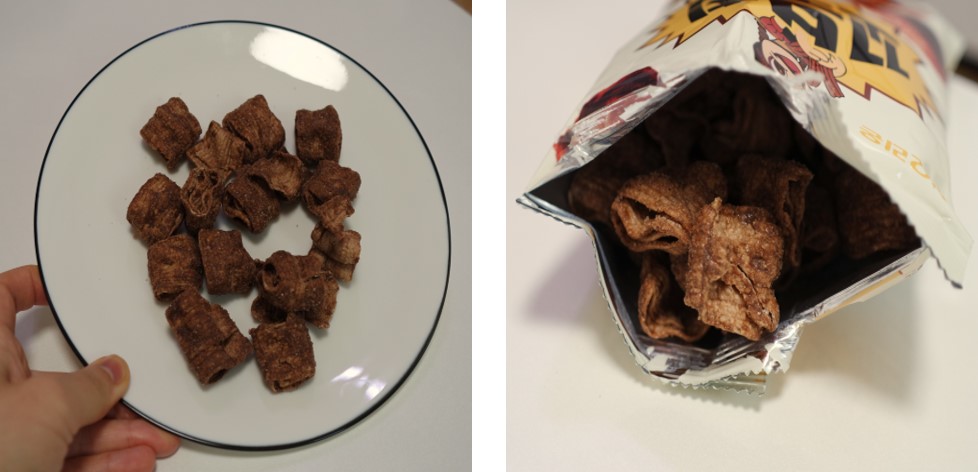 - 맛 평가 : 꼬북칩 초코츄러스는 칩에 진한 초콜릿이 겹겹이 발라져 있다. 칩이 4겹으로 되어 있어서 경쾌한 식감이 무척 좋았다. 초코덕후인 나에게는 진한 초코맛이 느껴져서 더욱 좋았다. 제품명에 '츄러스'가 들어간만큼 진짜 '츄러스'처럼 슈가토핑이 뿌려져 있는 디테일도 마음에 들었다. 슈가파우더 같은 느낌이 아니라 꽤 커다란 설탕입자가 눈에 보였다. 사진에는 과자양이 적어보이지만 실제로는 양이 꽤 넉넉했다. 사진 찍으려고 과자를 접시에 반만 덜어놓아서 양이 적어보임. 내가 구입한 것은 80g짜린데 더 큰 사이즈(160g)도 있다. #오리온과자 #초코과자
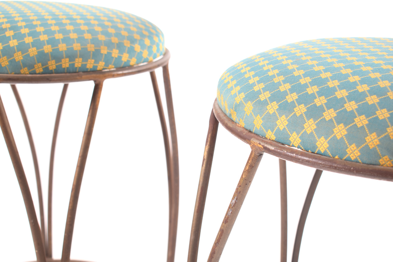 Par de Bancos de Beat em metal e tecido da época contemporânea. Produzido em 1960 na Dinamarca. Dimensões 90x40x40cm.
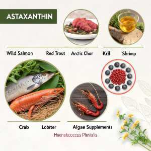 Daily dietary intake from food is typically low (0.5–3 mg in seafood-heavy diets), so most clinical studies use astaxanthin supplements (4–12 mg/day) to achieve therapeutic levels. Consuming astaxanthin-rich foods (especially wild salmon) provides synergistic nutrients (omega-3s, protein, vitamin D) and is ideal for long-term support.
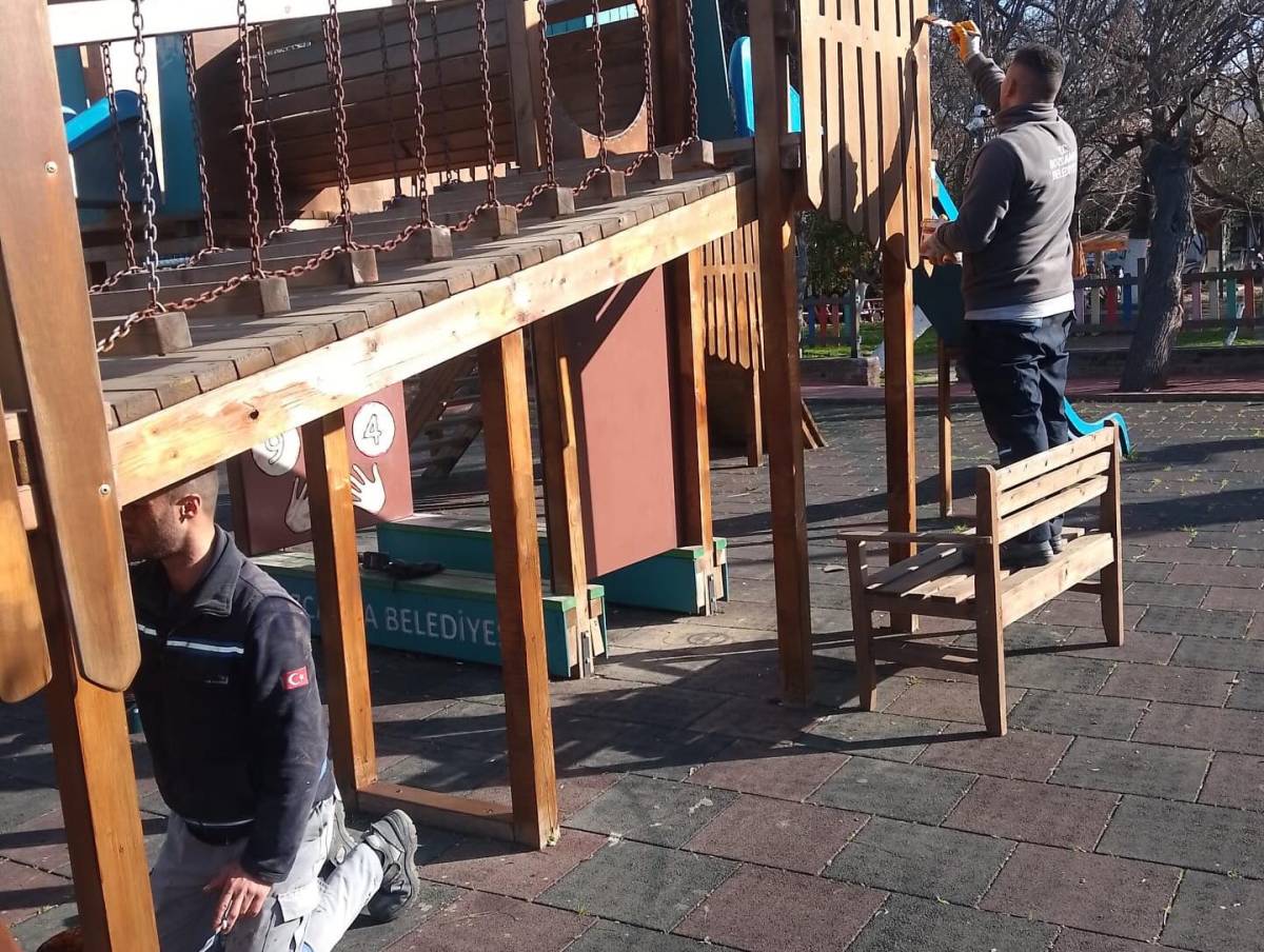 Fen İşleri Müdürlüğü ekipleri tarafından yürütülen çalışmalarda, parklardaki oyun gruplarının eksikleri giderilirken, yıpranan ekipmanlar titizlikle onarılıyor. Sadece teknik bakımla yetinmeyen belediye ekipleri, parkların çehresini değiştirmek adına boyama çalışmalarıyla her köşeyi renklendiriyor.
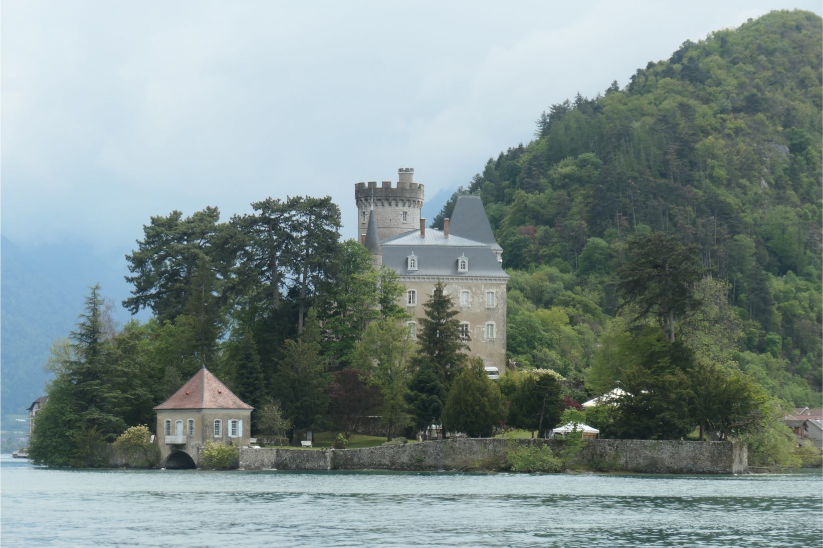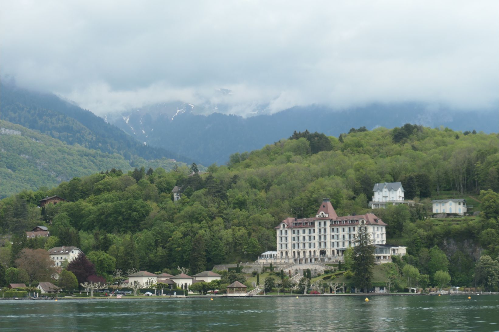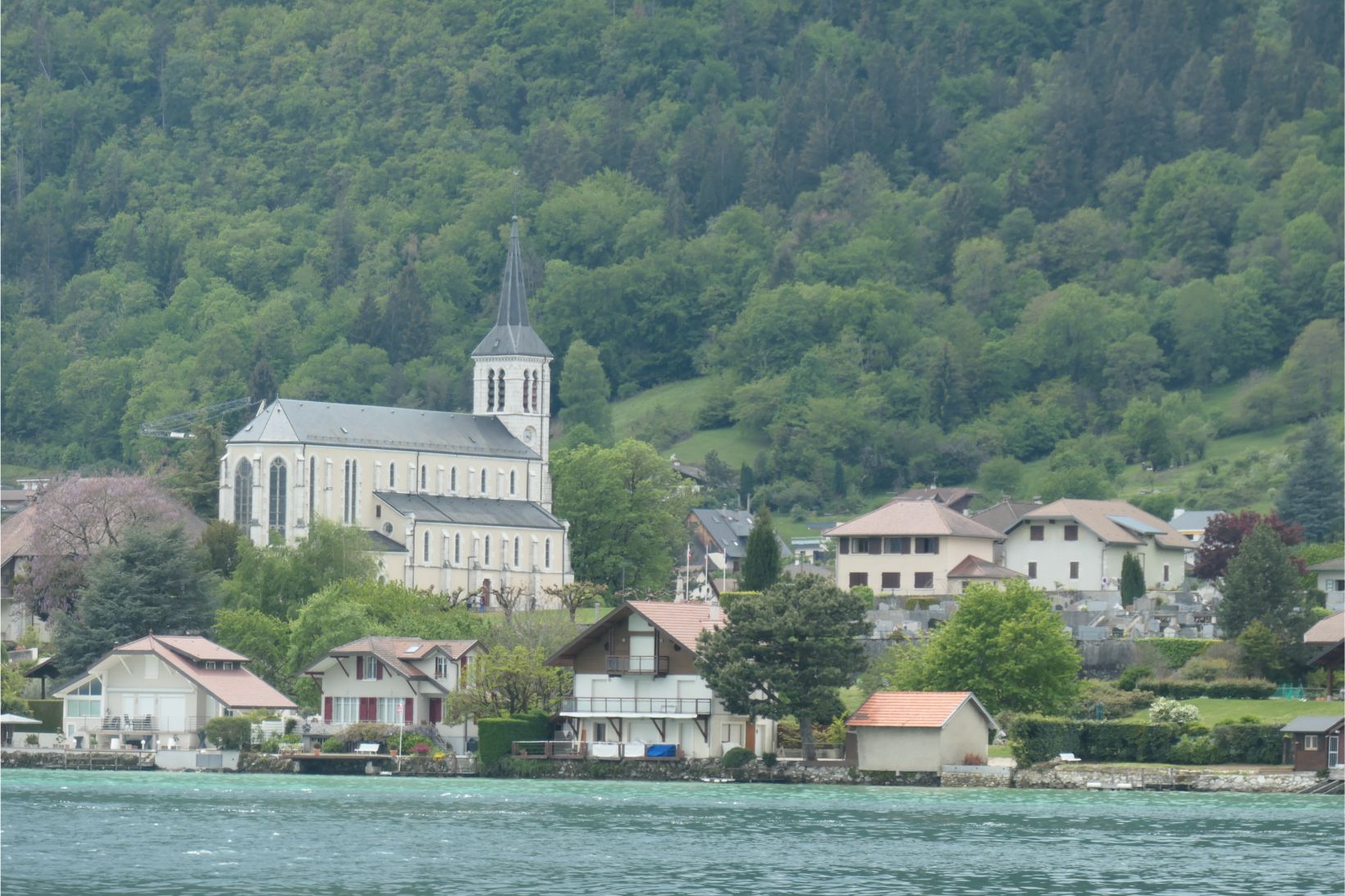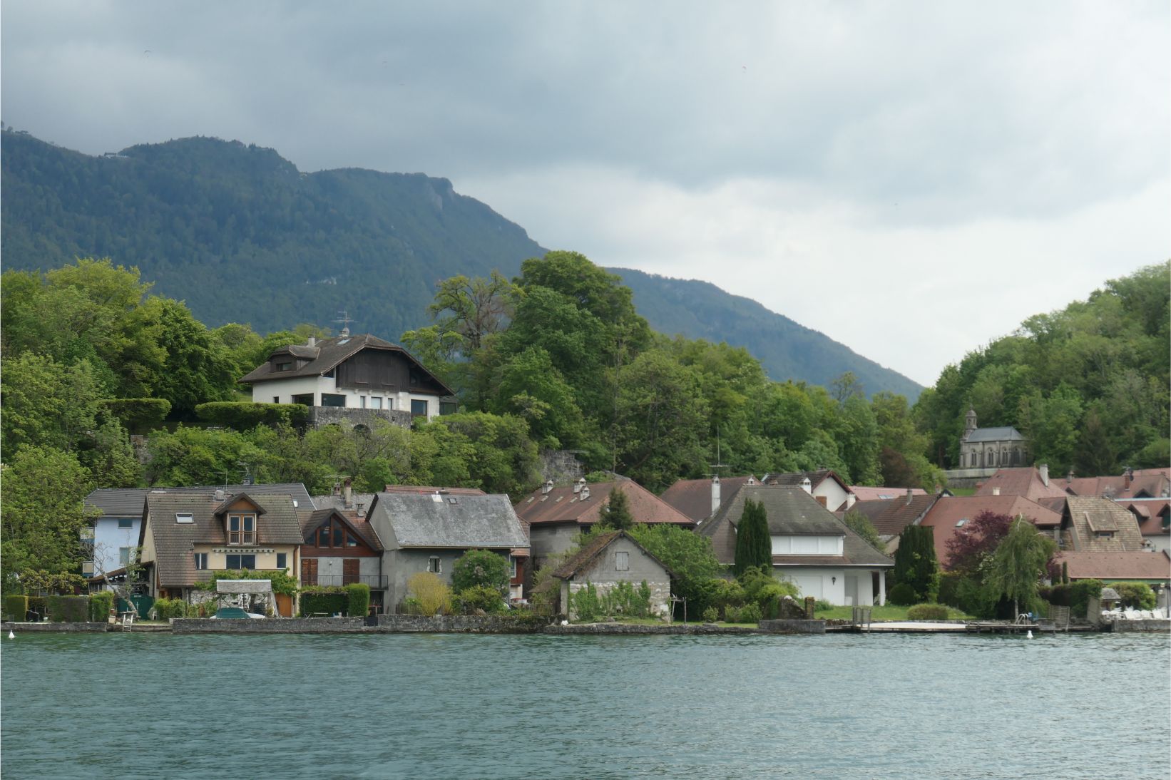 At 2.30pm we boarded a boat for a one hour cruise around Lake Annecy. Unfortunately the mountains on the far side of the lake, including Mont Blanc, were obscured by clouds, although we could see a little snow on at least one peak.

#### Exercise brief
Please restate the entries word for word, with all pictures left out.

#### Reply
 - 맛 평가 : 꼬북칩 초코츄러스는 칩에 진한 초콜릿이 겹겹이 발라져 있다. 칩이 4겹으로 되어 있어서 경쾌한 식감이 무척 좋았다. 초코덕후인 나에게는 진한 초코맛이 느껴져서 더욱 좋았다. 제품명에 '츄러스'가 들어간만큼 진짜 '츄러스'처럼 슈가토핑이 뿌려져 있는 디테일도 마음에 들었다. 슈가파우더 같은 느낌이 아니라 꽤 커다란 설탕입자가 눈에 보였다. 사진에는 과자양이 적어보이지만 실제로는 양이 꽤 넉넉했다. 사진 찍으려고 과자를 접시에 반만 덜어놓아서 양이 적어보임. 내가 구입한 것은 80g짜린데 더 큰 사이즈(160g)도 있다. #오리온과자 #초코과자
 Par de Bancos de Beat em metal e tecido da época contemporânea. Produzido em 1960 na Dinamarca. Dimensões 90x40x40cm.
 Daily dietary intake from food is typically low (0.5–3 mg in seafood-heavy diets), so most clinical studies use astaxanthin supplements (4–12 mg/day) to achieve therapeutic levels. Consuming astaxanthin-rich foods (especially wild salmon) provides synergistic nutrients (omega-3s, protein, vitamin D) and is ideal for long-term support.
 Fen İşleri Müdürlüğü ekipleri tarafından yürütülen çalışmalarda, parklardaki oyun gruplarının eksikleri giderilirken, yıpranan ekipmanlar titizlikle onarılıyor. Sadece teknik bakımla yetinmeyen belediye ekipleri, parkların çehresini değiştirmek adına boyama çalışmalarıyla her köşeyi renklendiriyor.
 At 2.30pm we boarded a boat for a one hour cruise around Lake Annecy. Unfortunately the mountains on the far side of the lake, including Mont Blanc, were obscured by clouds, although we could see a little snow on at least one peak.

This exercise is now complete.